Is this a real trend? Probably not.
Is the internet clowning strangers for reading in public? Absolutely.

It’s anti-intellectual, sexist, and a symptom of the Gen Z/A fear of being filmed doing literally anything. Before everything was online, the worst you risked was a raised eyebrow from a stranger. Now you could become a meme because you dared to read in a beret.


3. The White Rabbit Trend: Nostalgia Meets Heartbreak

Inspired by Alice in Wonderland, the “White Rabbit” trend is all about posting a video of yourself at a happy moment—right before your life changed dramatically.

The soundtrack: a ticking metronome and a sad lo-fi piano riff.
The vibe: melancholic, cinematic, trauma-core nostalgia.
The message: “This was my last moment of peace.”

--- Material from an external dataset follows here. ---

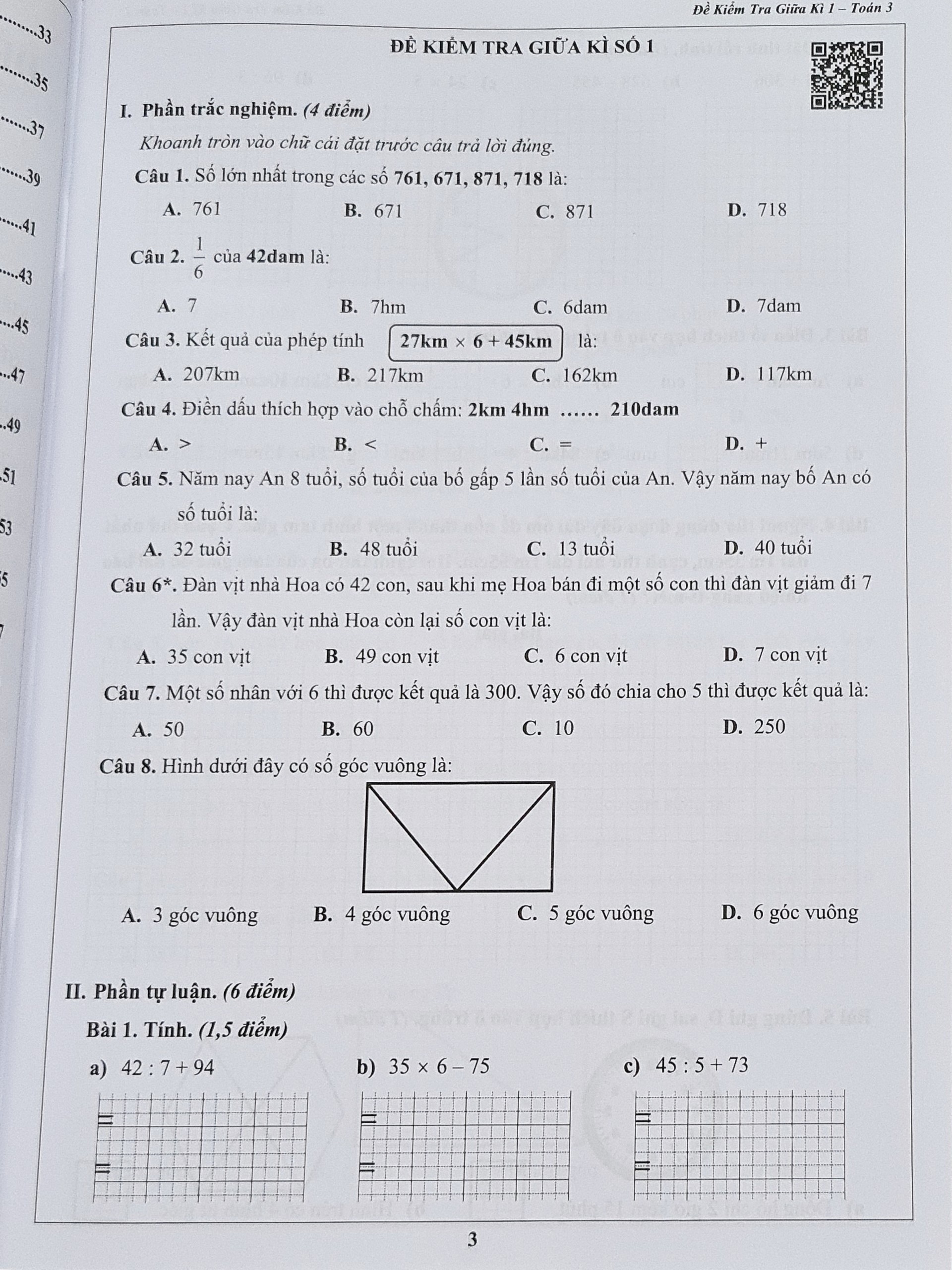 Đề số 1 | Đề kiểm tra giữa học kì 1 | Toán lớp 3 | Kết Nối | Thầy Nguyễn Văn Quyền

Some videos include context (like the TikToker who posted her graduation walk two days before a serious accident). Others leave you guessing, which is somehow even sadder.

If you want communal sorrow, TikTok has over 200,000 of these.


4. “Hemmy”: When Slang Mutates

“Hemmy” used to describe a type of car engine. Now it’s slang for “homie” but specifically said in a cringey white-guy voice.

Origin: Milk, a character from the 2016 animated series Legends of Chamberlain Heights.
Usage today: ironic affection, mild clowning, general unseriousness.

Gen Z stays recycling slang like a cultural compost bin.


5. Viral Video of the Week: Christmas Mashup Madness

DJ Noteliwood is taking over TikTok with chaotic holiday mashups that absolutely should not work—but do.

Highlights:

  • “Linus and Lucy” x GloRilla’s “Yeah Glo!” – a Christmas fever dream

  • “Money in the Sleigh” – Wham!’s “Last Christmas” meets Drake’s “Money in the Grave”

It’s festive. It’s unhinged. It’s Christmas.